- Task instructions: Reproduce word for word the lines of the listing from the first one through the one with "Todis è una", omitting every picture.
#### Supplied material ####
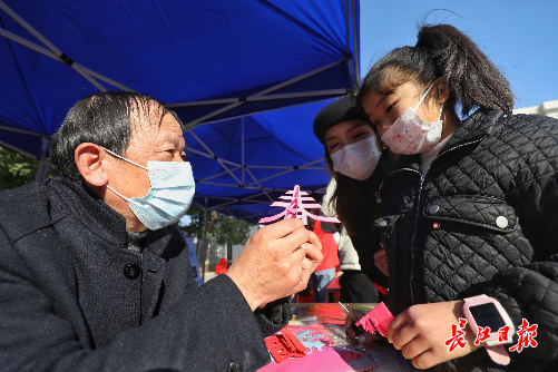 剪紙大師朱兵華展示非遺魅力。 長(zhǎng)江日?qǐng)?bào)記者陳亮 攝
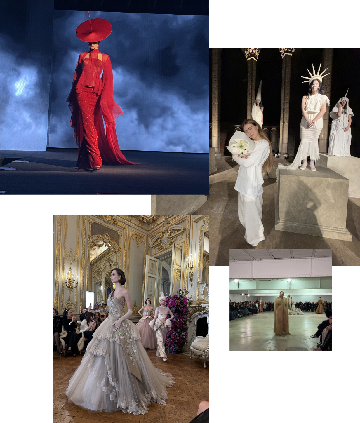Ida Immendorff, a recent CSM grad and costume designer with big dreams and eyebrows that have lore, nailed her debut collection at the Village Reille chapel, staging a static presentation of models poised on plinths like living sculptures. Rendered entirely in white, the looks reimagined costume through sacred history and science fiction, with hand-sculpted forms suspended between faith and fantasy, stone and skin.
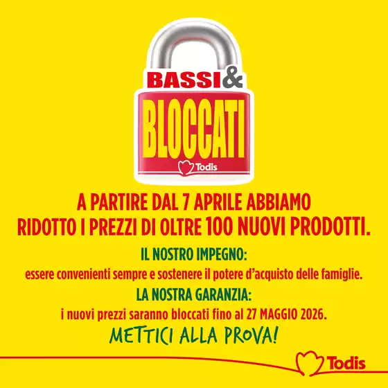 Todis è una catena italiana di supermercati discount, presente soprattutto nel Centro Italia, nata all’interno del mondo Conad. Il catalogo Todis coniuga l’alta qualità dei prodotti ad un vasto assortimento composto da oltre 3.700 referenze di prodotti anche a marchio proprio. Non mancano nell’offerta i prodotti etnici, biologici, salutistici, vegani e per celiaci.
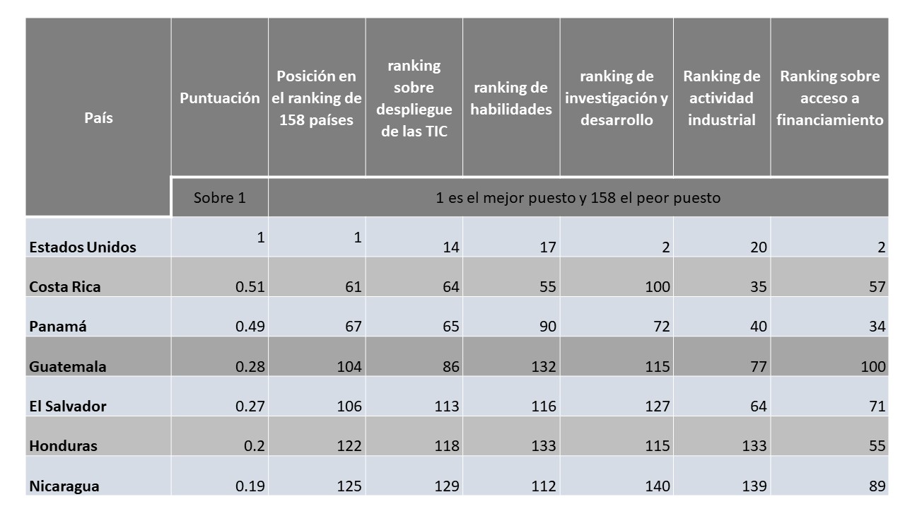 En el Informe sobre Tecnología e Innovación 2021 (Naciones Unidas), se publica el Índice de Preparación de los países para las Tecnologías de Frontera (IPTF), entre las que se encuentran la inteligencia artificial (IA), la nanotecnología, los drones, la robótica, la edición de genes, el internet de las cosas, el 5G y la impresión 3D, por ejemplo. En ese índice, calculado sobre 158 países, Costa Rica está en la posición 61, Panamá en la 67, Guatemala en 104, El Salvador en 106, Honduras en 122 y Nicaragua en la posición 125.
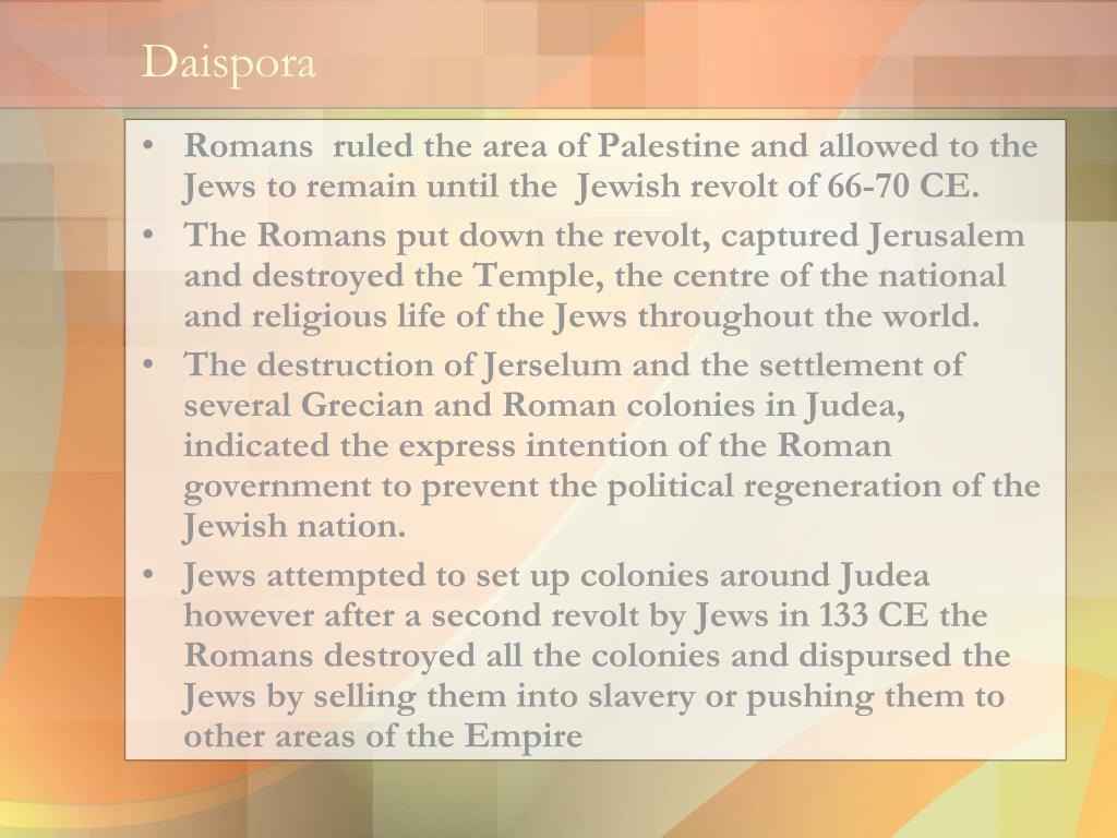 Daispora • Romans ruled the area of Palestine and allowed to the Jews to remain until the Jewish revolt of 66-70 CE. • The Romans put down the revolt, captured Jerusalem and destroyed the Temple, the centre of the national and religious life of the Jews throughout the world. • The destruction of Jerselum and the settlement of several Grecian and Roman colonies in Judea, indicated the express intention of the Roman government to prevent the political regeneration of the Jewish nation. • Jews attempted to set up colonies around Judea however after a second revolt by Jews in 133 CE the Romans destroyed all the colonies and dispursed the Jews by selling them into slavery or pushing them to other areas of the Empire
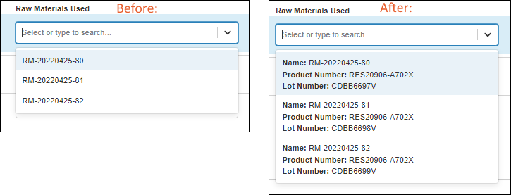 For example, if you define "Product Number" and "Lot Number" as identifying fields, they will appear for users with the "Name" of the raw material.
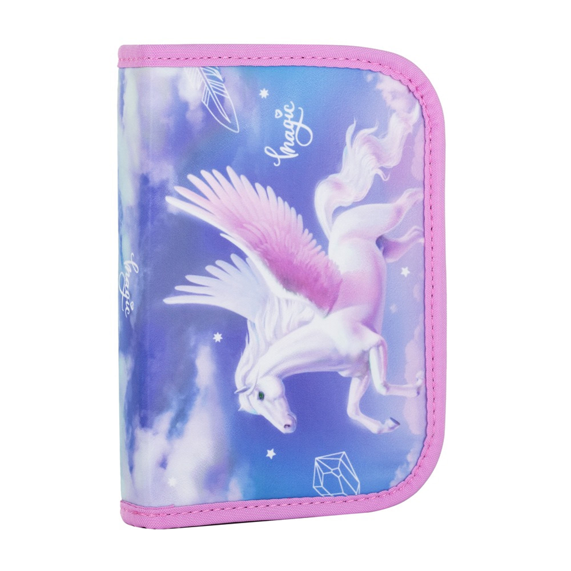 Jednoposchodový prázdny školský peračník s dvomi chlopňami. Je vybavený 25 gumovými pútkami na uchytenie písacích a kresliacich potrieb. Na vnútornej chlopni je puzdro z priehľadnej fólie na rozvrh hodín. Praktický peračník s obľúbeným motívom, do ktorého sa zmestí veľké množstvo písacích a kresliacich potrieb. Či už vaše dieťa píše domácu úlohu alebo kreslí obrázok, všetko potrebné nájde vo svojom peračníku. Peračník je polstrovaný, čo zabezpečuje spoľahlivú ochranu všetkých písacích potrieb vašich detí. Zapínanie je riešené kvalitnými zipsom s veľkými ťaháčikom, čo umožňuje deťom ľahkú manipuláciu s puzdrom.
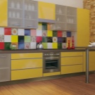 There are ready-made options for multi-colored ceramics. An imitation of a pattern laid out from different-colored parts of different shapes can be created on it. Or a modern mosaic that should not be laid out in small pieces, it has already been applied and forms a plate of a large size. In the center of the apron of multicolored ceramics, you can lay out an abstract pattern or create a whole picture.
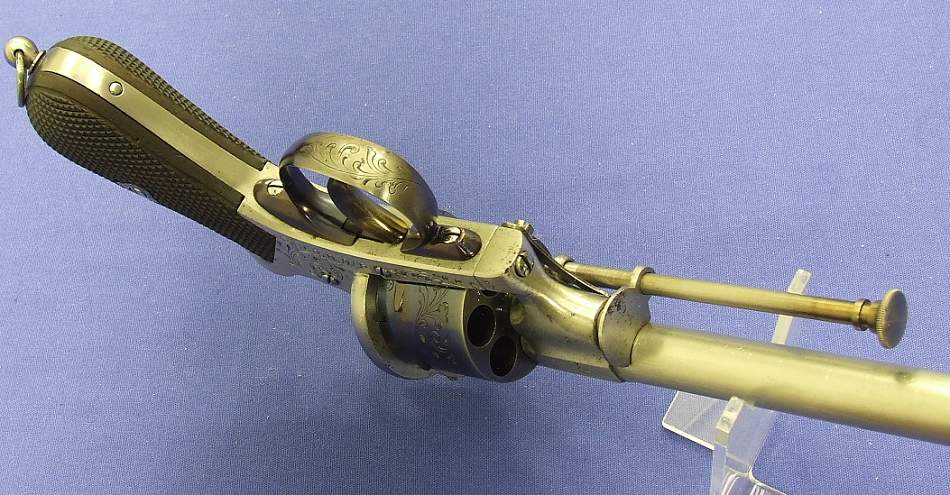 A very scarce Dutch pinfire revolver, signed on the frame MEYERS BREVETTE and on the top of the frame P.STEVENS MAASTRICHT in mint condition, lenght 30 cm, call.11mm. Price 2.100 euro
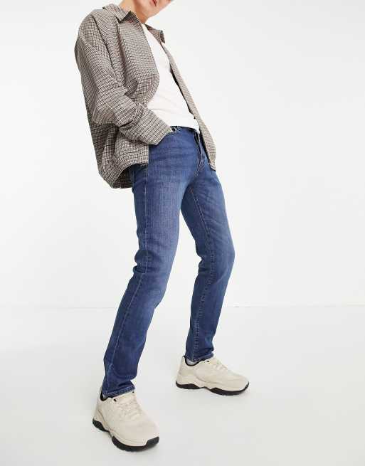 Topman cotton stretch slim jeans in mid wash - MBLUE
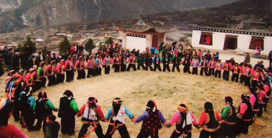 多地舞的動作以腰以下部位為多,經(jīng)常出現(xiàn)“一順邊”的美,即手和腳同出一側(cè)形成“一順兒”。許多舞蹈中女性以身體俯仰、臀體轉(zhuǎn)動為特色,顫膝擺胯,微動肩胸,上身較為平穩(wěn),上肢開張幅度不大,合著腳步和節(jié)奏律動,較為突出地表現(xiàn)了女性胸部之凸顯、腰部之柔軟、臀部之豐腴。舟曲藏民族的女性舞姿顯出了山地藏民族腆靜、文雅、內(nèi)秀的性情。
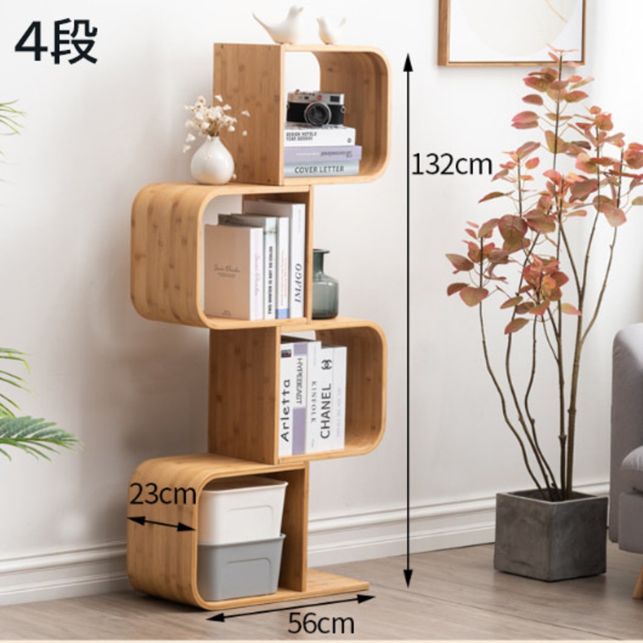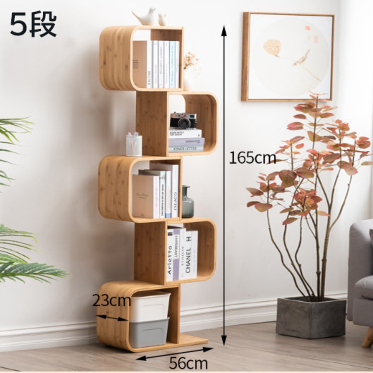 S字型本棚 本収納 コミックラック お洒落ラック ジグザグ樹木設計 ブックシェルフ リビング【5段】
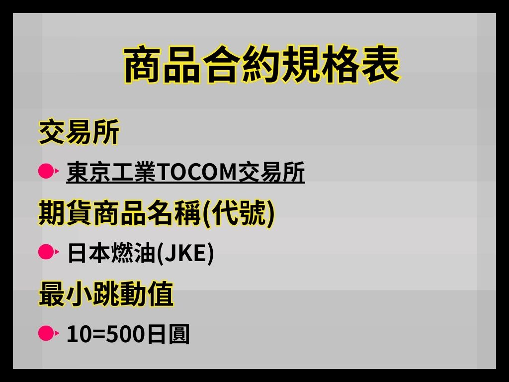 - 商品:Kerosene Futures(日本燃油/煤油),JIS K2203 Grade 1 規格。
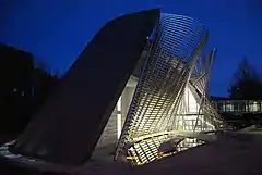 The Courthouse of Arezzo is a judiciary building in Arezzo, Italy, designed by the Italian architect Manfredi Nicoletti. It consists of two bodies: the first one is the building of the former Sanatorium “Antonio Garbasso” restored, and houses most of the court offices. The second building was constructed in 2004-2008, and houses the garage, the archives, a large multi-level hall, two large double story courtrooms, a number of offices and the press room, in addition to bathrooms and accessories. It has the shape of a solid with a complex geometry.
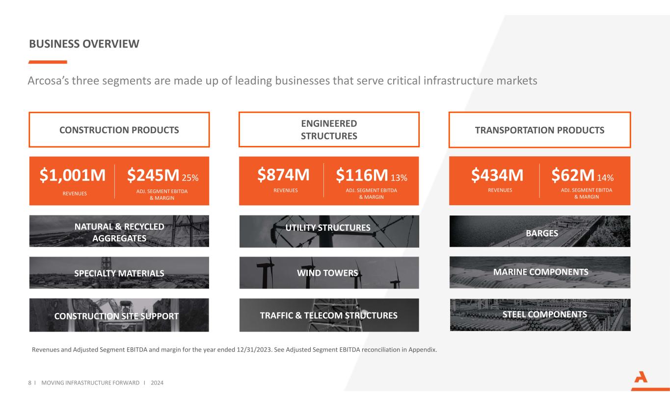 ARCOSA AT A GLANCE Revenue, net income, and Adjusted EBITDA are for the year ended 12/31/2023. See Adjusted EBITDA reconciliation in Appendix Net Income Adjusted EBITDA Infrastructure-related Segments Employees Years of Operating History OUR THREE BUSINESS SEGMENTS Revenues$2.3B $159M $368M ~6,075 85+ 3 7 I MOVING INFRASTRUCTURE FORWARD I 2024
####
- Reply:
 剪紙大師朱兵華展示非遺魅力。 長(zhǎng)江日?qǐng)?bào)記者陳亮 攝
Ida Immendorff, a recent CSM grad and costume designer with big dreams and eyebrows that have lore, nailed her debut collection at the Village Reille chapel, staging a static presentation of models poised on plinths like living sculptures. Rendered entirely in white, the looks reimagined costume through sacred history and science fiction, with hand-sculpted forms suspended between faith and fantasy, stone and skin.
 Todis è una catena italiana di supermercati discount, presente soprattutto nel Centro Italia, nata all’interno del mondo Conad. Il catalogo Todis coniuga l’alta qualità dei prodotti ad un vasto assortimento composto da oltre 3.700 referenze di prodotti anche a marchio proprio. Non mancano nell’offerta i prodotti etnici, biologici, salutistici, vegani e per celiaci.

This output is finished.